Problem details
Copy out every line of the material below, character for character, apart from the pictures.

Data extract
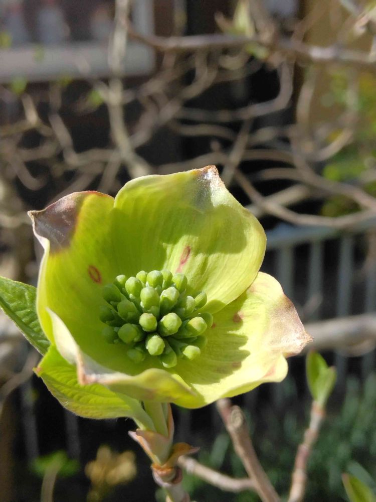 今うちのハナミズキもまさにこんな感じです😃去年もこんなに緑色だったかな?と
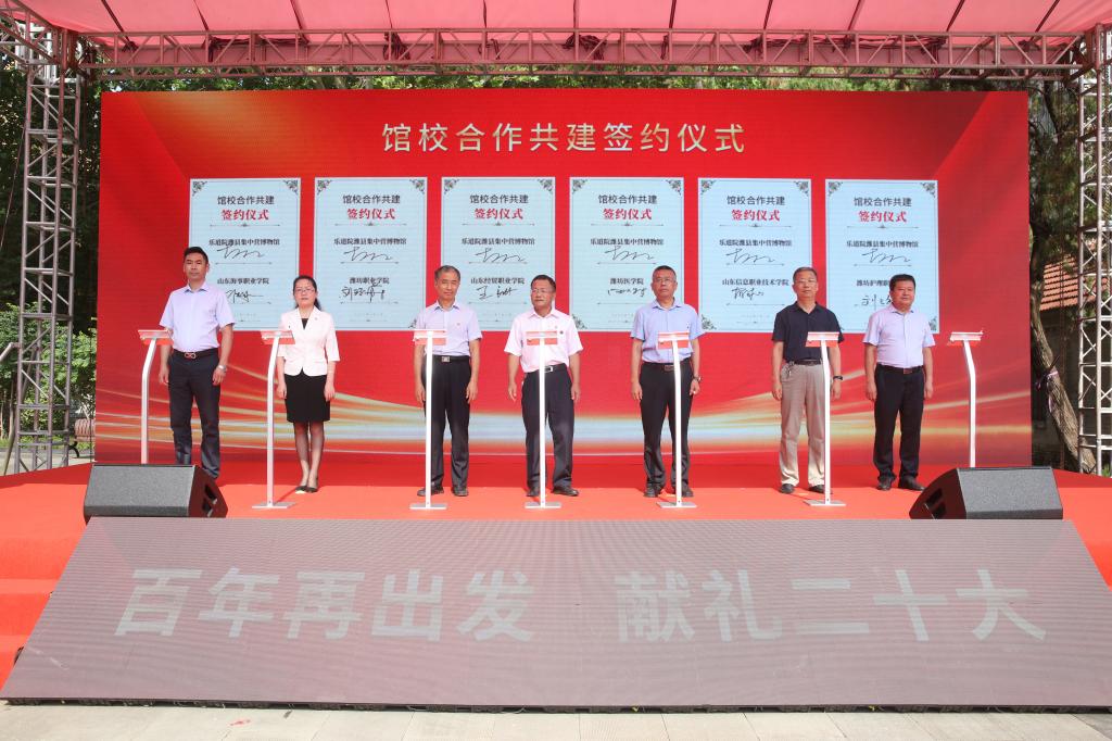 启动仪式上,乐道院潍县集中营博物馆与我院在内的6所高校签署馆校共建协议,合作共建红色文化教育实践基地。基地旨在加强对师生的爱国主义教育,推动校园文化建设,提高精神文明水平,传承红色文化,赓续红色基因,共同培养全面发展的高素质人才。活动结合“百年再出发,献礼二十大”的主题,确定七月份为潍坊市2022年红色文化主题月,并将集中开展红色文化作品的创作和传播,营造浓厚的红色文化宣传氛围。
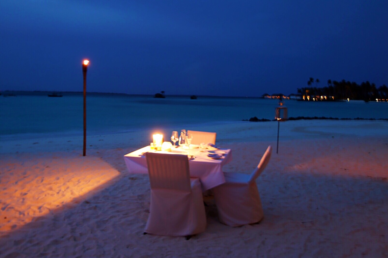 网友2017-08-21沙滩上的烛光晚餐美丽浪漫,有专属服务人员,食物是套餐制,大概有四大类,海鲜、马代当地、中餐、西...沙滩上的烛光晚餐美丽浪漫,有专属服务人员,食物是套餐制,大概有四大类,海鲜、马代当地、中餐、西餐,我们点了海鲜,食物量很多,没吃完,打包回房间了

The answer
 今うちのハナミズキもまさにこんな感じです😃去年もこんなに緑色だったかな?と
 启动仪式上,乐道院潍县集中营博物馆与我院在内的6所高校签署馆校共建协议,合作共建红色文化教育实践基地。基地旨在加强对师生的爱国主义教育,推动校园文化建设,提高精神文明水平,传承红色文化,赓续红色基因,共同培养全面发展的高素质人才。活动结合“百年再出发,献礼二十大”的主题,确定七月份为潍坊市2022年红色文化主题月,并将集中开展红色文化作品的创作和传播,营造浓厚的红色文化宣传氛围。
 网友2017-08-21沙滩上的烛光晚餐美丽浪漫,有专属服务人员,食物是套餐制,大概有四大类,海鲜、马代当地、中餐、西...沙滩上的烛光晚餐美丽浪漫,有专属服务人员,食物是套餐制,大概有四大类,海鲜、马代当地、中餐、西餐,我们点了海鲜,食物量很多,没吃完,打包回房间了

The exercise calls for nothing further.